Assignment #9

Questions

11E1. If an event has probability 0.35, what are the log-odds of this event?

log(0.35/(1-0.35))

## [1] -0.6190392

11E2. If an event has log-odds 3.2, what is the probability of this event?

logistic(3.2)

## [1] 0.9608343

#log(0.96/(1-0.96))

11E3. Suppose that a coefficient in a logistic regression has value 1.7. What does this imply about the proportional change in odds of the outcome?

exp(1.7)

## [1] 5.473947

# it means that 1 unit of x will imply 5.47 unit of propotional change in odds of the outcome

11E4. Why do Poisson regressions sometimes require the use of an offset? Provide an example.

# The poisson distribution is used as a limiting distribution of binomial. sometimes it is more relevant to model rates instead of counts. This is relevant when individuals are not following same amount of time. For example, five cases over 1 years should not amount to the same as five cases over 10 years. So will use Tx to exposure the time of those with covariate x. In this case, the LogTx is the offset

11M1. As explained in the chapter, binomial data can be organized in aggregated and disaggregated forms, without any impact on inference. But the likelihood of the data does change when the data are converted between the two formats. Can you explain why?

# The likelihood of the data does change when the data is converted between two formats because the aggregated form involves a extra log-odd factor

11M2. If a coefficient in a Poisson regression has value 1.7, what does this imply about the change in the outcome?

exp(1.7)

## [1] 5.473947

# it means that 1 unit of x will imply 5.47 unit of change

11M3. Explain why the logit link is appropriate for a binomial generalized linear model.

# logit link essentially connects a parameter constrained between zero and one and the real space. The logit function is like logit(p_i) = log(p/(1-p))

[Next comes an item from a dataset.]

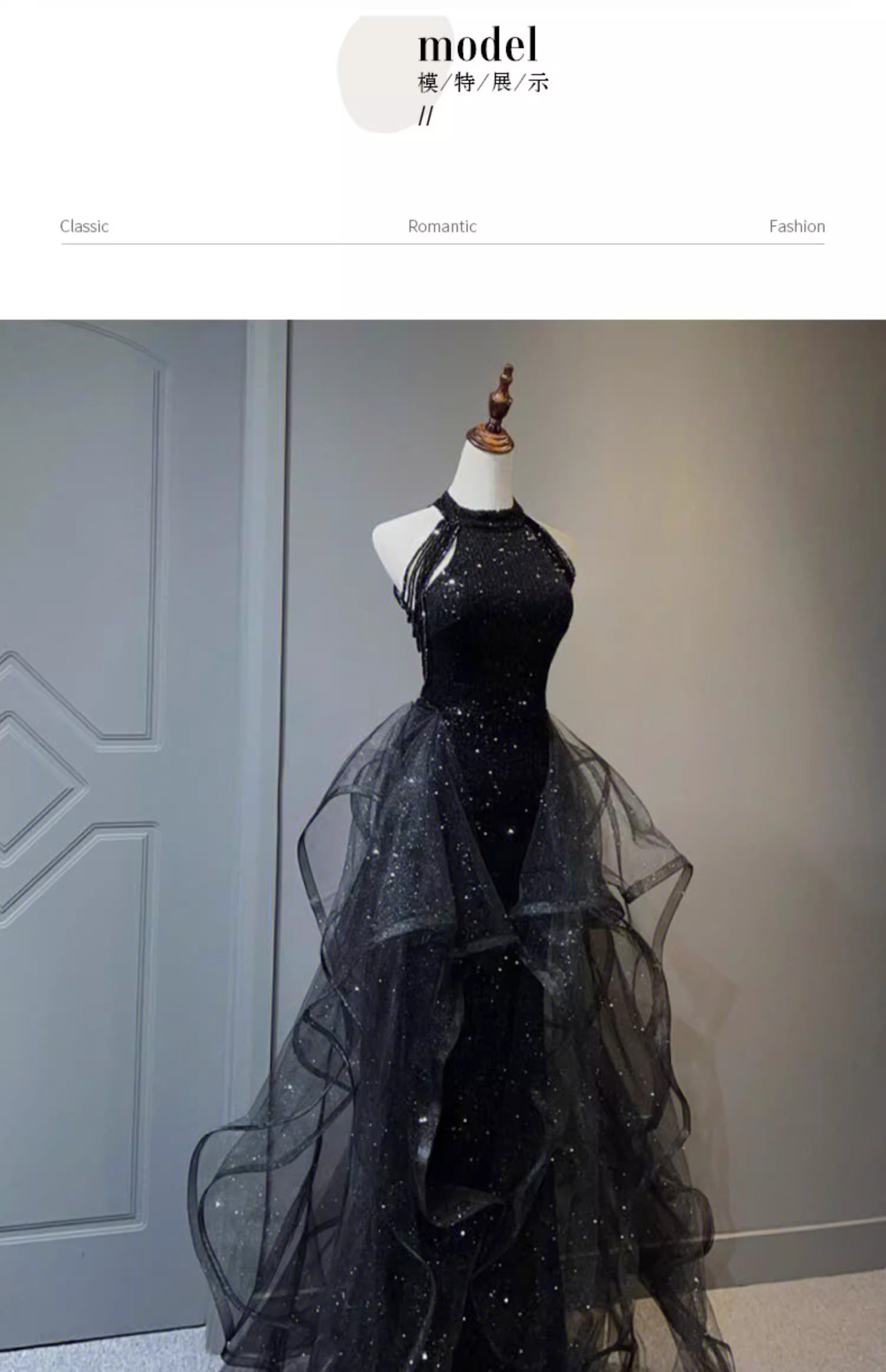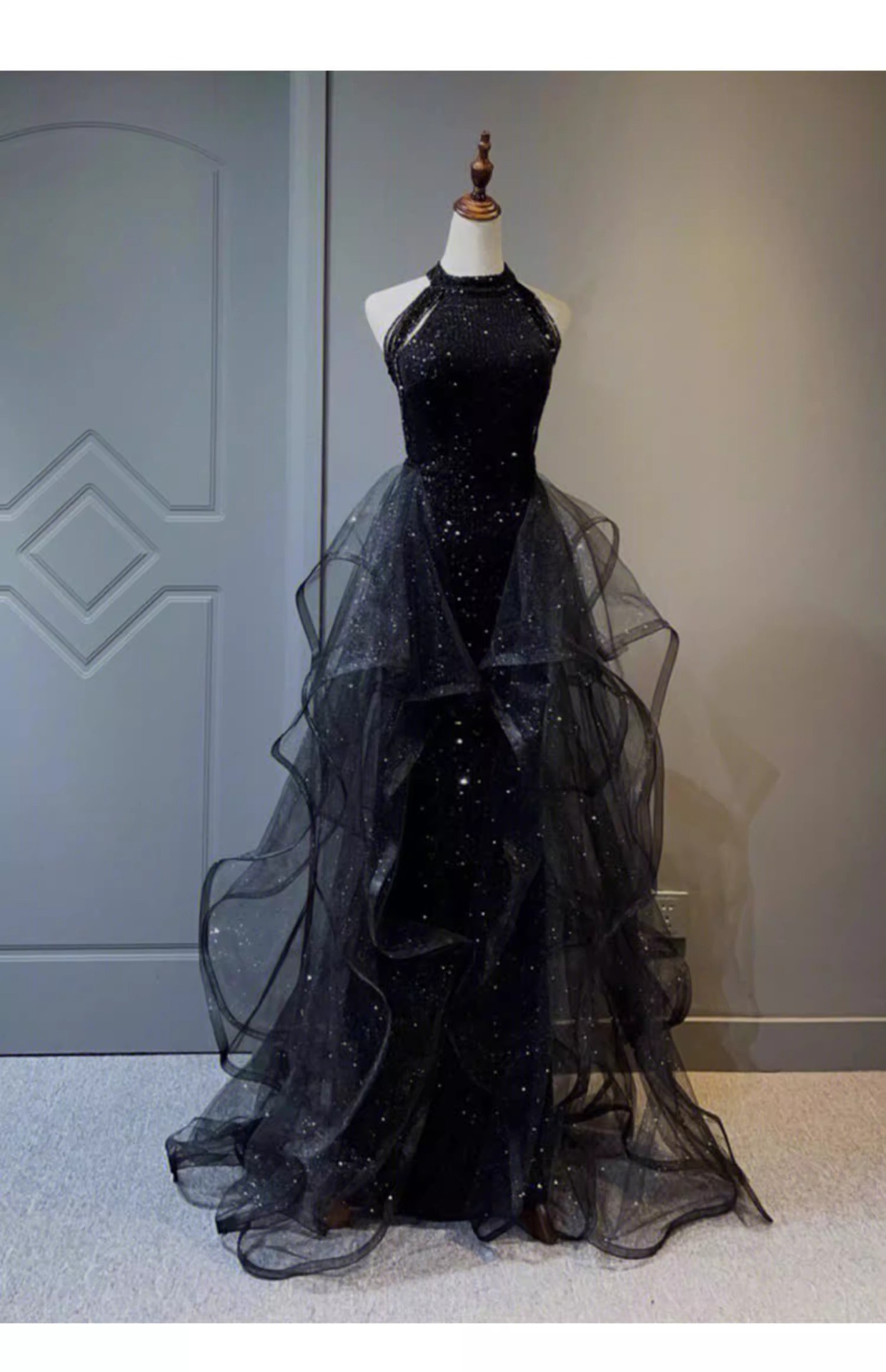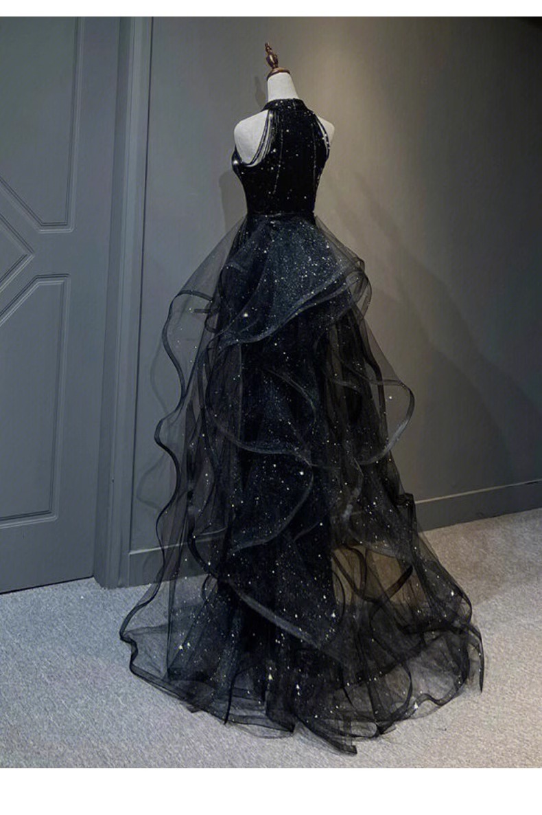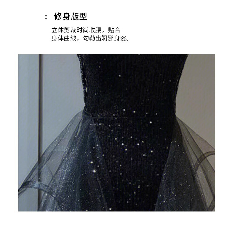 Черное вечернее платье, легкое роскошное нишевое платье с воротником-халтером, стиль ежегодной вечеринки, блестки, экзамен по вокальному искусству для женщин

# the p_i is a probability mass. The link will work for a GLM

curve(logit,from = -0.5,to = 1)

## Warning in log(x): NaNs produced

11M4. Explain why the log link is appropriate for a Poisson generalized linear model.

curve(log, from = -0.5, to = 100000)

## Warning in log(x): NaNs produced

11M5. What would it imply to use a logit link for the mean of a Poisson generalized linear model? Can you think of a real research problem for which this would make sense?

# this is implies the mean mu lies between the zero and one. The Poisson distibution is defined by a single parameter. The premise of a poisson regression problem is the GLM models a count with an unknown maximum

# To fixed this problem, we can confine the poisson distribution to be followed only within a particular range.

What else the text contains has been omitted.